A search by CL for a Heat/Cavs game on February 7 seems to back up Ferrer. On the Heat’s website, one ticket could be found in Section 327 for the face value price of $46. On StubHub, you could get two tickets together in the same section for $20 apiece.

Nationally the issue is raging, and confusing, as there are two “fan”-related organizations backing differing points of view. In addition to the Fan Freedom Project, there is also the Fans First Coalition — financed by Live Nation, which owns Ticketmaster.

Michael Marion, the president of Fans First, is the building manager at the Verizon Arena in Little Rock, Arkansas. He says concerns about paperless ticketing inconveniencing concertgoers are way overblown, and that a survey taken after a Taylor Swift concert where paperless tickets were issued at his facility showed that 88 percent of those asked would go paperless again, so convenient was the service.

Another provision in the proposed law is a requirement that websites for all facilities in Florida must show the number of tickets available.
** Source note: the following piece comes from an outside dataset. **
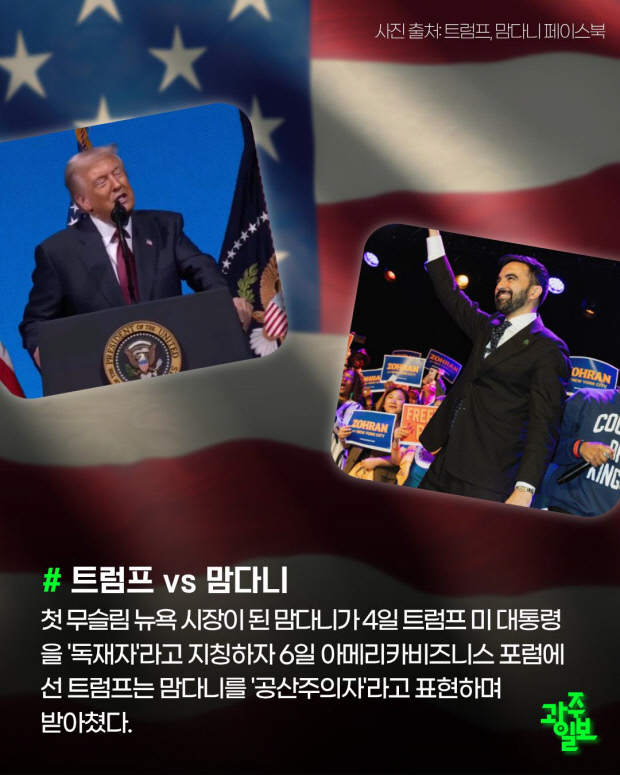 첫 무슬림 뉴욕 시장이 된 맘다니가 4일 트럼프 미 대통령을 ‘독재자’라고 지칭하자 6일 아메리카비즈니스 포럼에 선 트럼프는 맘다니를 ‘공산주의자’라고 표현하며 받아쳤다.

In December, the House sponsor of the bill, Matt Gaetz, wrote a letter to the editors of the Tampa Tribune in response to a negative editorial. His letter claimed that big ticket sellers often pre-sell thousands of tickets to VIPs, premium credit card holders, fan club members and event sponsors, shutting out fan access to the best seats.

But Lisi sees such pre-sale set-asides as a protection against inflated prices.

“The problem with putting all your tickets up is the consumer does not have a chance to purchase seats at the base price.” If all tickets are made available at once, the argument goes, a venue is opening itself up to the threat of bot software computer programs that snatch up reams of the best tickets for resale. That practice is (nominally) condemned by everyone involved in the ticketing debate.

Tampa concertgoer Chris Forsha says he sees both sides of the debate. He thinks paperless ticketing could make it easier for him to get good seats at a concert, but he still likes the idea of having an actual ticket for a souvenir of the live experience.

He also says he’s suspicious when interest groups begin lobbying for legislation. But that’s our political system at work, and right now, it appears that those who fear a paperless ticket future (i.e. StubHub) are winning the argument.